A Doll House is one initially filled with confectionary, baby-talks, and social formality. In The Blind, from the broken conversations, there is a confusion in time and space. In both plays, the characters live with fear. But which one is more inclusive?

The tree in The Blind, flowing inside its branches are strands of glowing life forces. Yet the blind could not sense it. The tree is dark in their eyes, its canopy barring them from sunshine and hope. When was the last time you stayed somewhere completely dark? Perhaps being in an utterly dark-out theater with a spotlight on one human organ. You leaned forward, touching your mouth, ready to run away.

Besides fear of the unknown, is there supposed to be mercy?

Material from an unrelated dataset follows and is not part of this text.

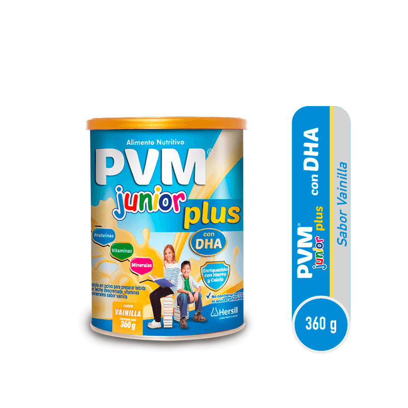 PVM® JUNIOR PLUS, reforzado con DHA, es un complemento nutricional diseñado para proporcionar a los niños una mayor cantidad de proteínas, vitaminas y minerales esenciales, con el objetivo de complementar su nutrición y favorecer su crecimiento y desarrollo.

Is it worth watching an excruciating journey seeking a way out from desperation? While the realist theater conveys straightforward political meanings, by taking care of all the details including the furniture, interior design, and why characters enter and exit, can we embrace the openness of the symbolist play?

Being mysterious is not just rebellious and cool stuff devoid of substance. In the contemporary urban world, people need more than concrete sets to speak for the diverse life experience of often being trapped. Next time when you feel trapped, do not run away. For babies to be fed chewed rice, Arendt would character this as thoughtless.

Lastly, is A Doll House a truer version of everyday life, or The Blind after all?